In our case, we were considering developing a dual write system with
a versionField defined to ensure consistent ordering between the two
clouds, n  and n+m, and having this live outside of Solr. Then, the
actual backfill could be kicked off from some snapshot taken *after*
we enabled dual write. And then finally deleting the old cloud once
we routed traffic to the new one (and let it "bake"). As Gus points
out, at "big data" scale the backfill becomes hard and so the
idea of making this less resource intensive is enticing...

From: users@solr.apache.org At: 03/30/25 14:59:16 UTC-4:00To:  
users@solr.apache.org
Subject: Re: Automatic upgrade of Solr indexes over multiple versions

Some thoughts:

A lot depends on the use case for this sort of thing. In the case of
relatively small installs that can afford to run >2x disk and have
significant query latency headroom this might be useful. However, if a
company is running a large cluster where maintaining excess capacity costs
tens of thousands of dollars, they will often be "cutting it close" on
available storage (I've seen yearly storage costs over 100k some places )
and trying to maintain just enough excess query performance to handle
"normal" spikes in traffic. Adding the load/disk demands of a re-index
within the same cluster (making both query and indexing slower) is usually
a bad idea. Even if you index from the index into a new separate cluster,
that query load to pull the data from the index may place you above
acceptable risk thresholds.

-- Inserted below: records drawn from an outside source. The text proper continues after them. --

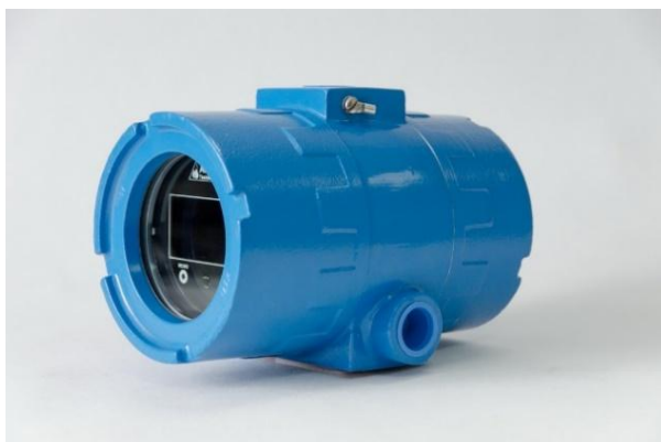
Рисунок 3 – Контроллер во взрывозащищенной оболочке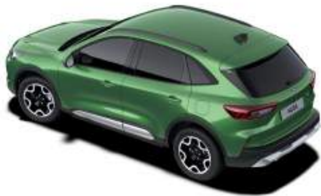
BURSTING GREEN - LAKIER METALIZOWANY bez dopłaty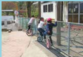
『疲れたりひと休み』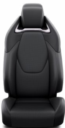
Bőr ülésborítás, fekete Alapfelszereltség az Executive és Hybrid Executive felszereltségnél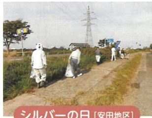
シルバーの日 [安田地区]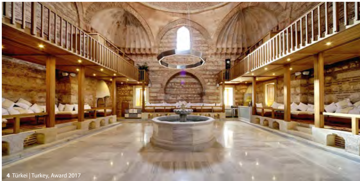
4 Türkei | Turkey, Award 2017

ser Hinsicht zu Recht nicht nur als ein Kulturerbe betrachtet werden, sondern auch als Vorläufer des Gedankens einer europäischen Identität die durch kulturelle Vielfalt geprägt ist.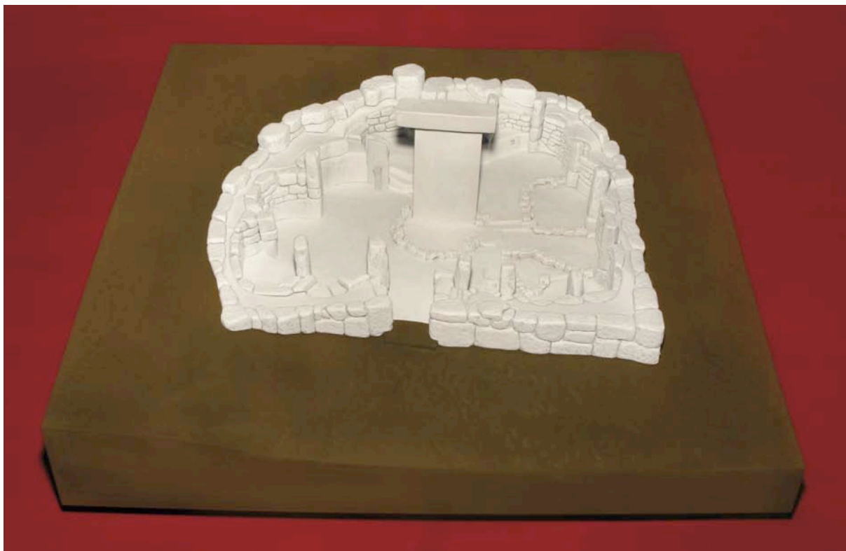
Fig. 4. Maqueta de la taula de Torralba d'en Salort (Menorca).

El primer paso era el análisis de la información científica y su elaboración. El equipo del Departamento de Protohistoria y Colonizaciones y los arqueólogos «insignia» de cada yacimiento aportaron la información científica disponible. A partir de la interpretación de esta documentación se elaboraron modelos virtuales en 3D de las geometrías básicas que tendrían las maquetas para facilitar la supervisión y las correcciones. Una vez que se aplicaban esas correcciones, se procedía a la fabricación física de la maqueta.

For large clusters the only thing that makes
sense is reindexing from source to a new cluster that will replace the old
cluster, because in that way you can (usually) pull the data much faster
without impacting the users. (Notable exceptions crop up in cases where the
original source is a live database also used by the users, then some care
with the query rate is needed again)

I suppose another use case could be if the cluster is being run on bare
metal rather than a service like AWS or a much larger Virtualization
environment. In the bare metal case spinning up new machines for temporary
use is not an option, but again only if the bare metal solution has enough
extra capacity.

Another case that might make such a thing interesting would be *if* it was
designed to co-locate shards/replicas being reindexed and prevented the
need for over the wire transport (caveats about hashing/routing changes,
etc). That could speed things up significantly, and a process might look
like

   1. Upgrade (solr will read index version -1)
   2. Clone to 2x disk cluster
   3. reindex into peer collection (to reset index version counter)
   4. Update alias, delete original collection
   5. Clone to 1x disk cluster
   6. Swap and sunset original upgraded cluster.

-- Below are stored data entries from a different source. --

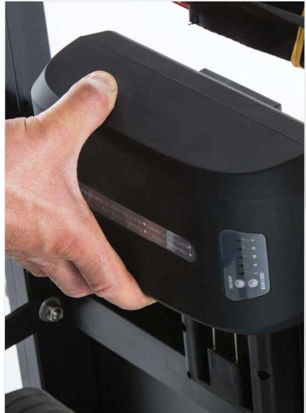
■ Herausnehmbare und wiederaufladbare 13 Ah-24V Lithium-Batterie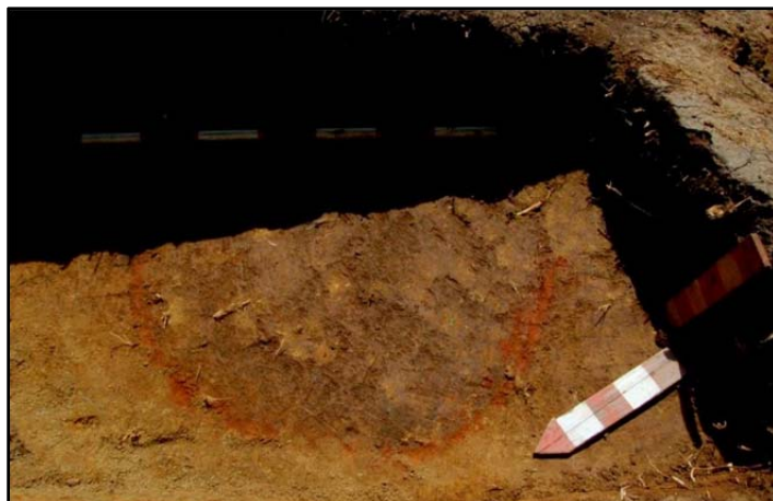
Fig. 2. Măgura Moigradului 2010, complexul C9 la conturare.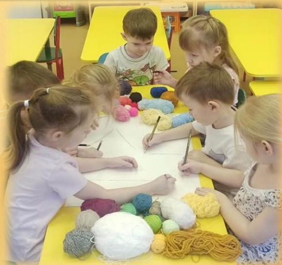
Простым карандашом наносим контур будущего пейзажа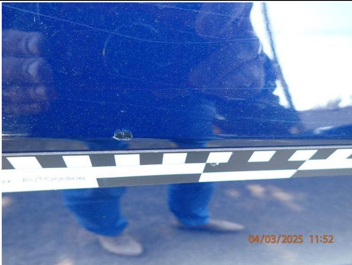
Fot. nr 67

If folks have engineered an easy/efficient backup/clone cluster for steps 2
and 5, step 3 could be faster than reindex from originals, reducing
parallel run time (which could save money in large installs)

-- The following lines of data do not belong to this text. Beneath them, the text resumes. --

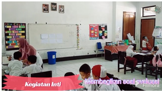
Gambar 1k. Guru memberikan evaluasi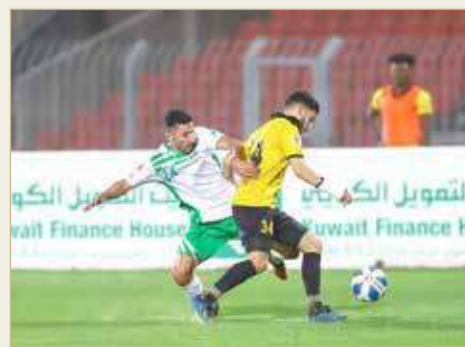
من مباراة الأهلي والبديع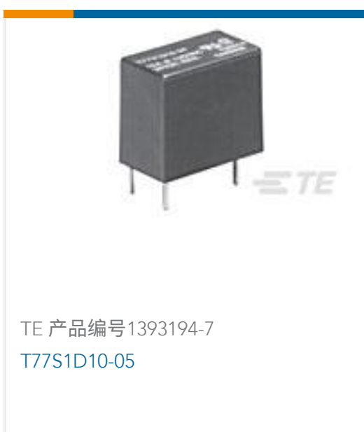
TE 产品编号 1393194-7 T77S1D10-05

Clear documentation of limitations and expected load profiles, throttling
etc would be important in any case. It's important to consider the "Big
Data" case because if you are lucky, "Small Data" grows into "Big Data."
However the transition can be subtle and badly trap people if the
transition is not anticipated and well thought out.

On Sun, Mar 30, 2025 at 9:21 AM ufuk yılmaz <uyil...@vivaldi.net.invalid>
wrote:

> I’m guessing this is not simply retrieving all documents through API using
> pagination and sending them to index 🤔 About being in-place, how can it
> work when a new Solr version requires a different schema or config file,
> because time to time old definitions don’t work in a new version.
>
> -ufuk
>
> —
>
> > On Mar 30, 2025, at 10:33, Luke Kot-Zaniewski (BLOOMBERG/ 919 3RD A) <
> lkotzanie...@bloomberg.net> wrote:
> >
> > Hi Rahul,
> >
> > This sounds very interesting!
> >
> > I enjoyed the discussion at CoC and would be very
> > interested to hear more about the technical details.
> >
> > I am also curious to know more what you mean by "in-place"
> > and what the expectation is around downtime.
> >
> > Either way I am sure this would be a great addition to
> > the tool belt for getting people to finally move off
> > ancient versions of Solr.
> >
> > Look forward to discussing this more on the JIRA!
> >
> > Luke
> >
> > From: users@solr.apache.org At: 03/28/25 01:05:57 UTC-4:00To:
> users@solr.apache.org
> > Subject: Automatic upgrade of Solr indexes over multiple versions
> >
> > Today upgrading from Solr version X to X+2 requires complete reingestion
> of
> > data from source. This comes from Lucene's constraint which only
> guarantees
> > index compatibility between the version the index was created in and the
> > immediate next version.
> >
> >
> > This reindexing usually comes with added downtime and/or cost. Especially
> > in case of deployments which are in customer environments and not
> > completely in control of the vendor, this proposition of having to
> > completely reindex the data can become a hard sell.
> >
> >
> > I have developed a way which achieves this reindexing in-place on the
> same
> > index. Also, the process automatically keeps "upgrading" the indexes over
> > multiple subsequent Solr upgrades without needing manual intervention.
> >
> >
> > It does come with a limitation that all *source* fields need to be either
> > stored=true or docValues=true. Any copyField destination fields can be
> > stored=false of course, but as long as the source field (or in general,
> the
> > fields you care about preserving) is either stored or docValues true ,
> the
> > tool can reindex in-place and legitimately "upgrade" the index. For
> indexes
> > where this limitation is not a problem (it wasn't for us!), this tool can
> > remove a lot of operational headaches, especially in environments with
> > hundreds/thousands of very large indexes.
> >
> >
> > I had a conversation about this with some of you during "Apache Community
> > over Code 2024" in Denver, and I could sense some interest. If this
> feature
> > sounds appealing, I would like to contribute it to Solr on behalf of my
> > employer, Commvault. Please let me know if I should create a JIRA and get
> > the discussion rolling!
> >
> >
> > Thanks,
> > Rahul Goswami
> >
> >
>
>

-- 
http://www.needhamsoftware.com (work)
https://a.co/d/b2sZLD9 (my fantasy fiction book)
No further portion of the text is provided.